Stored data entries:
----------------------------------------

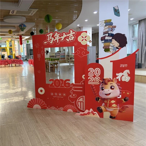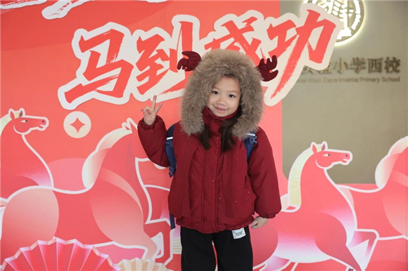 新年的脚步悄然临近,进才实验小学西校早已被浓厚的年味包裹。红灯笼挂满走廊,班级板报布置一新,精致的马年主题装饰点缀校园各处,每一处细节都透露着师生们对新年的期盼。
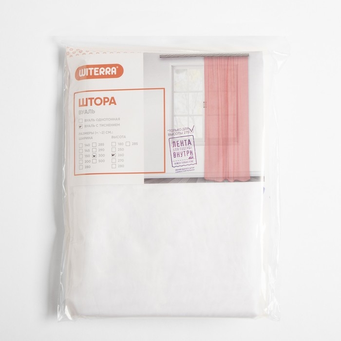 Штора-тюль для кухни Witerra с тиснением вензель 140х145см, белый, вуаль, пэ100%
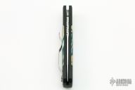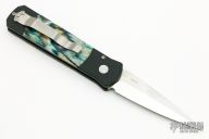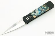 This custom Godson by Protech Knives features a satin polished finished blade with hand file work along the spine. The handle is comprised of an aluminum frame with mammoth molar inlays and push button. Tip up black stainless steel clip. Comes with original box and paper work, excellent condition.
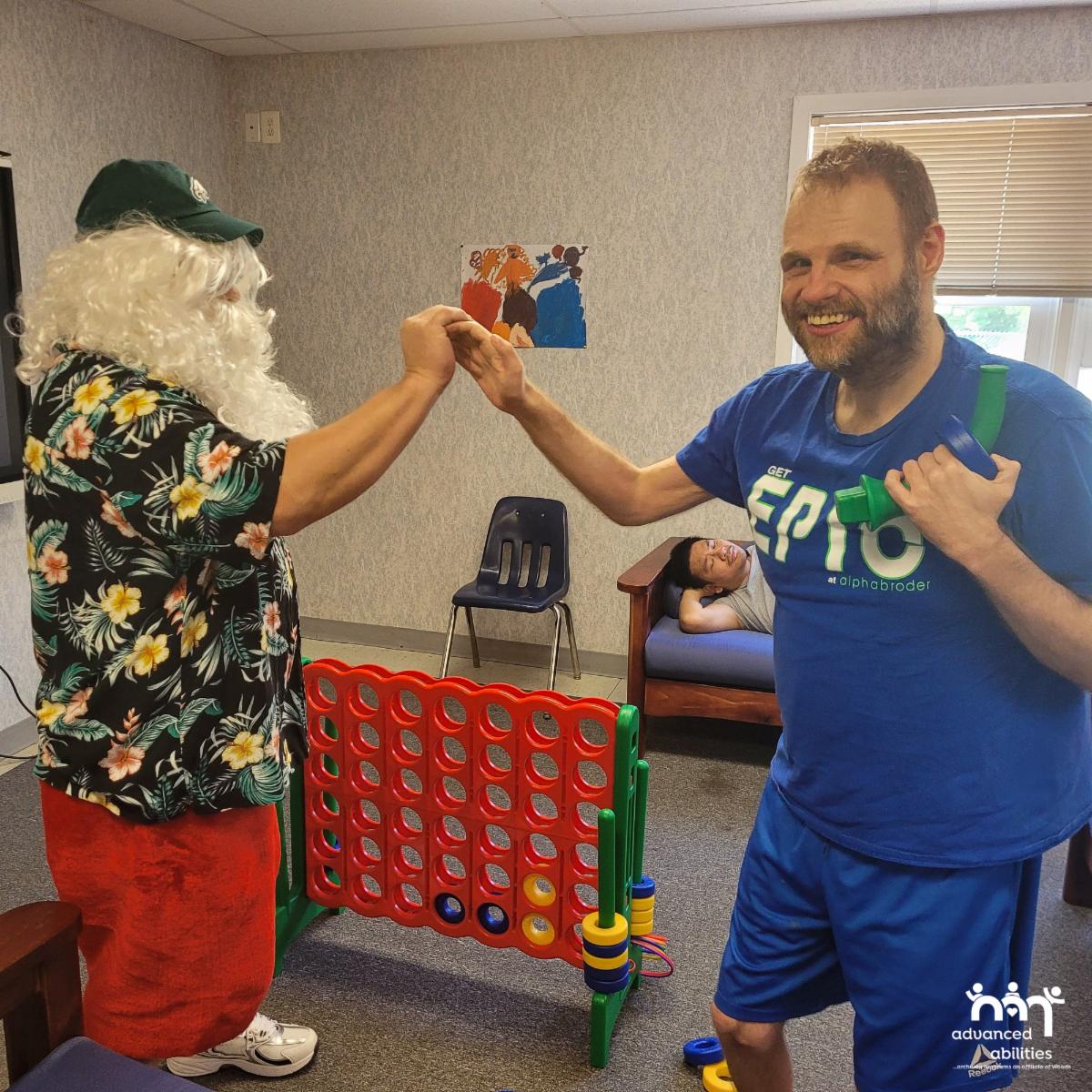Participants at the Advanced Abilities Day Program were thrilled by a visit from a special guest during their afternoon routine. A jolly old elf sporting shorts and a Hawaiian shirt stopped by for a Christmas in July visit! Santa Claus reminded everyone to stay on their toes if they want to do well for his annual visit in December! Everyone enjoyed talking with Santa, and they are already thinking about their Christmas wish lists! On a side note, it’s great to see Santa is an Eagles fan!
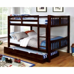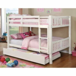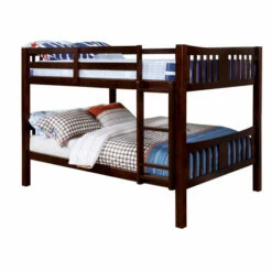 Provide sleeping space for up to four kids with this full-over-full bunk bed. Ideal for shared rooms and dorms, this Dai bunk bed from Furniture of America comes in your choice of finishes for easy integration into your child’s room. A fence-type guardrail keeps the top sleeper secure all night long, boasting a slight curve to the frame for aesthetic interest and flair. A study built-in ladder allows quick access to the top bunk for a sound slumber. Enjoy the array of colors available for this full-over-full bunk bed, allowing you to create a customized sleeping space with your favorite design elements.
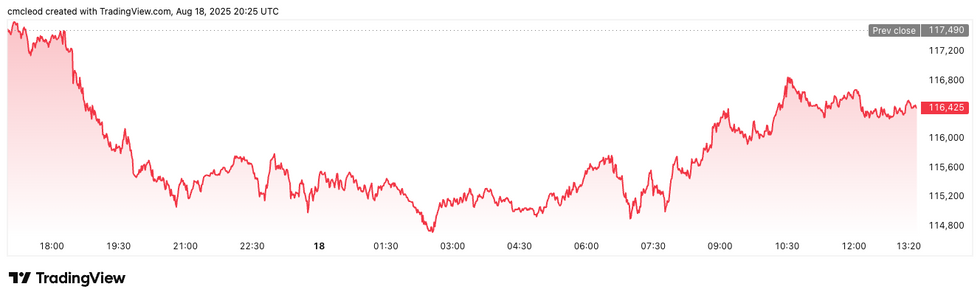 Bitcoin price performance, August 18, 2025.
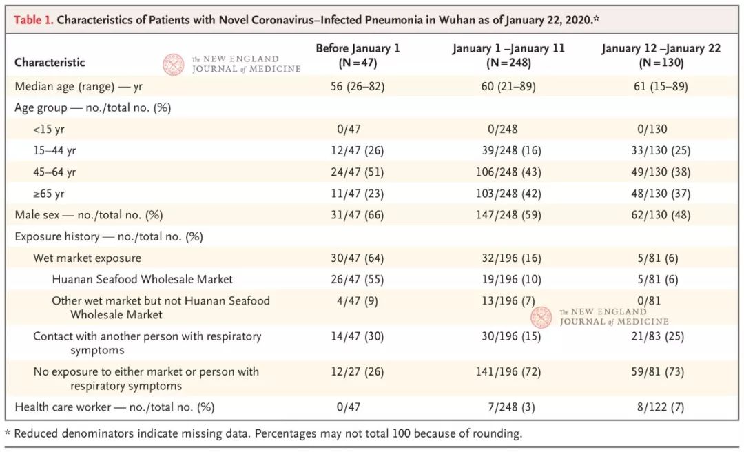 表1.截至2020年1月22日时武汉新型冠状病毒感染肺炎患者的特征。*

----------------------------------------

• Activity: Except for the pictures, write the data out exactly.

• Solution:
 新年的脚步悄然临近,进才实验小学西校早已被浓厚的年味包裹。红灯笼挂满走廊,班级板报布置一新,精致的马年主题装饰点缀校园各处,每一处细节都透露着师生们对新年的期盼。
 Штора-тюль для кухни Witerra с тиснением вензель 140х145см, белый, вуаль, пэ100%
 This custom Godson by Protech Knives features a satin polished finished blade with hand file work along the spine. The handle is comprised of an aluminum frame with mammoth molar inlays and push button. Tip up black stainless steel clip. Comes with original box and paper work, excellent condition.
Participants at the Advanced Abilities Day Program were thrilled by a visit from a special guest during their afternoon routine. A jolly old elf sporting shorts and a Hawaiian shirt stopped by for a Christmas in July visit! Santa Claus reminded everyone to stay on their toes if they want to do well for his annual visit in December! Everyone enjoyed talking with Santa, and they are already thinking about their Christmas wish lists! On a side note, it’s great to see Santa is an Eagles fan!
 Provide sleeping space for up to four kids with this full-over-full bunk bed. Ideal for shared rooms and dorms, this Dai bunk bed from Furniture of America comes in your choice of finishes for easy integration into your child’s room. A fence-type guardrail keeps the top sleeper secure all night long, boasting a slight curve to the frame for aesthetic interest and flair. A study built-in ladder allows quick access to the top bunk for a sound slumber. Enjoy the array of colors available for this full-over-full bunk bed, allowing you to create a customized sleeping space with your favorite design elements.
 Bitcoin price performance, August 18, 2025.
 表1.截至2020年1月22日时武汉新型冠状病毒感染肺炎患者的特征。*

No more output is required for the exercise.